## WHAT IS BEING ASKED
Transcribe verbatim every line from the line containing "今回はハートクラフト バイ カモミ" to the end of the entries, including both endpoints. Output nothing beyond those lines.

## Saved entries
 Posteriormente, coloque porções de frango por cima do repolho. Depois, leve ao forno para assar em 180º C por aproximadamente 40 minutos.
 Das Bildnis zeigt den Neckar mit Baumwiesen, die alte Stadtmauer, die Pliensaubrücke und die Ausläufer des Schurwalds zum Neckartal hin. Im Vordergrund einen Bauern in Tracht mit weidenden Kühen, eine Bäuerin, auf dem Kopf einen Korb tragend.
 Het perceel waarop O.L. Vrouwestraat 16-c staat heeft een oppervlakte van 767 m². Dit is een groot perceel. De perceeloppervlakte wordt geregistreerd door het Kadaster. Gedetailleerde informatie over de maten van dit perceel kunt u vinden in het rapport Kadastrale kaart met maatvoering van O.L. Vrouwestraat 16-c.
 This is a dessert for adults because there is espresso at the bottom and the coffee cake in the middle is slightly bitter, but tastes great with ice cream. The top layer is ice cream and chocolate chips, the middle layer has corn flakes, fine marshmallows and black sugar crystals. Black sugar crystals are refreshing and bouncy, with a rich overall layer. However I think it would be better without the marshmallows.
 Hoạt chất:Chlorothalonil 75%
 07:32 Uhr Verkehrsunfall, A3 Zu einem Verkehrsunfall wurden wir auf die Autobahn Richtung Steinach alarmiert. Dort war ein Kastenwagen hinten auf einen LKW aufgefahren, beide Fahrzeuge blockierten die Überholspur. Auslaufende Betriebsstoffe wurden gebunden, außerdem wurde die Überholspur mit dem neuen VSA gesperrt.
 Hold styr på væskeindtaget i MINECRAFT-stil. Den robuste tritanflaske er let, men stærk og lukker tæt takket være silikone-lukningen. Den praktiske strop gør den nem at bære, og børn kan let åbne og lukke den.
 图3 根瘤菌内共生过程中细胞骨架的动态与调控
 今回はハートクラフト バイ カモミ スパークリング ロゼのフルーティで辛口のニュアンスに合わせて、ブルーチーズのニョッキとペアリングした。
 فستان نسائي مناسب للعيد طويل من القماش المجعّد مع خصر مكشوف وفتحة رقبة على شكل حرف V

## RESULT OF THE TASK
 今回はハートクラフト バイ カモミ スパークリング ロゼのフルーティで辛口のニュアンスに合わせて、ブルーチーズのニョッキとペアリングした。
 فستان نسائي مناسب للعيد طويل من القماش المجعّد مع خصر مكشوف وفتحة رقبة على شكل حرف V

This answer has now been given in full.